Одет он был во все черное — фрак и цилиндр — и вид имел несколько демократический среди пышных мундиров, окружавших его. На груди у него висела большая золотая звезда, наполовину скрытая лацканом фрака. Он оставался у дверей около получаса, время от времени приказывая что-то тем, кто устанавливал кахили. У него достало вкуса приказать одному из этих людей заменить веревку, которой тот готовился прикрепить кахили к перекладине, черной тканью. Наконец он сел в карету и отъехал. Вслед за ним двинулся и народ. Лишь один человек привлекал к себе еще больше внимания, чем король. Человек этот был Гаррис (премьер-министр янки). Ничтожная эта личность накрутила вокруг своего цилиндра столько крепу, что его хватило бы для выражения скорби целой нации. Как всегда, он не упустил случая покрасоваться перед народом и вызвать восхищение простодушных канаков. О, благородное честолюбие современного Ришелье!

Интересно сопоставить церемонию погребения принцессы Виктории с похоронами ее знаменитого предка Камехамехи Завоевателя, умершего на полвека раньше, в 1819 году, — за год до появления первых миссионеров:

Мая 8-го, 1819 года, достигнув шестидесятилетнего возраста, он умер, как и жил, — в вере своего народа. Ему не довелось прийти в соприкосновение с людьми, которые дали бы верное направление его религиозной мысли.

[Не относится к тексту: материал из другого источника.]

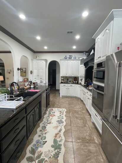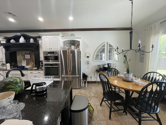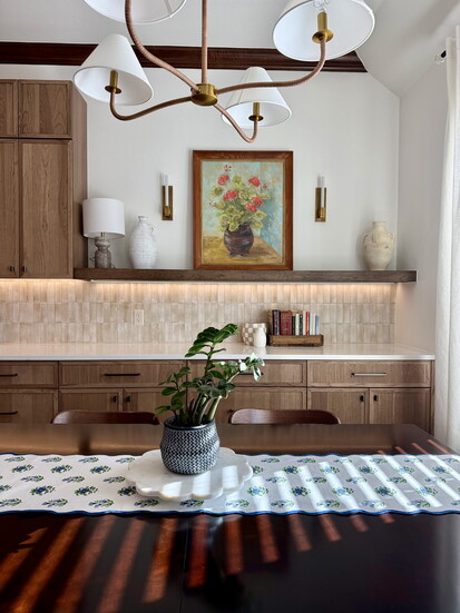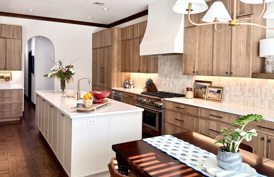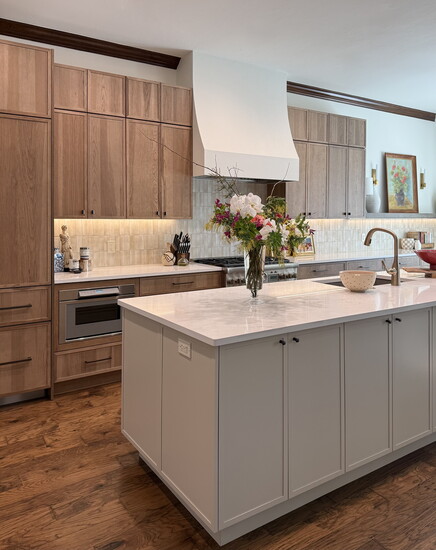 Specializing in residential kitchen, bath, whole-home renovations, and fully-custom cabinetry, 2026 marks Urban Kitchens’ 27th year in business. This Belmont Farms Chef’s Kitchen epitomizes a move toward staying in place as real estate prices rise. For ease of use and to accommodate the Owner’s storage needs, more drawers and organizing inserts were included in this remodel. Creative design showcasing family mementos, such as the Owner’s 50 year old still oil painting, and layers of lighting bring warmth to this traditionally utilitarian space. Stained hickory cabinets with hidden hinges and a paneled refrigerator anchor the large wall that opens to the family room while a creamy white island and quartz countertops reflect the light from the generous windows. The subtly-textured custom hood helps to break up the long wall of cabinets, while wood flooring provides a seamless transition between the kitchen and family room. With plenty of room for family gatherings, this kitchen will be a memory-making space for years to come! For design ideas and cabinet demonstrations visit Urban Kitchens’ Showroom at 4205 N Western Ave in Oklahoma City or call (405) 702.7747.

Судя по его природным данным и сравнивая его с наиболее выдающимися соотечественниками, можно по справедливости сказать, что это был человек не только великий, но и добродетельный. Доныне его память согревает сердца гавайцев, вызывая в них могучее чувство патриотизма. Они гордятся своим старым королем-воином; они чтут его имя, его подвигами открывается начало истории народа; на энтузиазме, который он возбуждал у всех и который разделяли также и те из иностранцев, которые имели возможность оценить его по достоинству, зиждется трон основанной им династии.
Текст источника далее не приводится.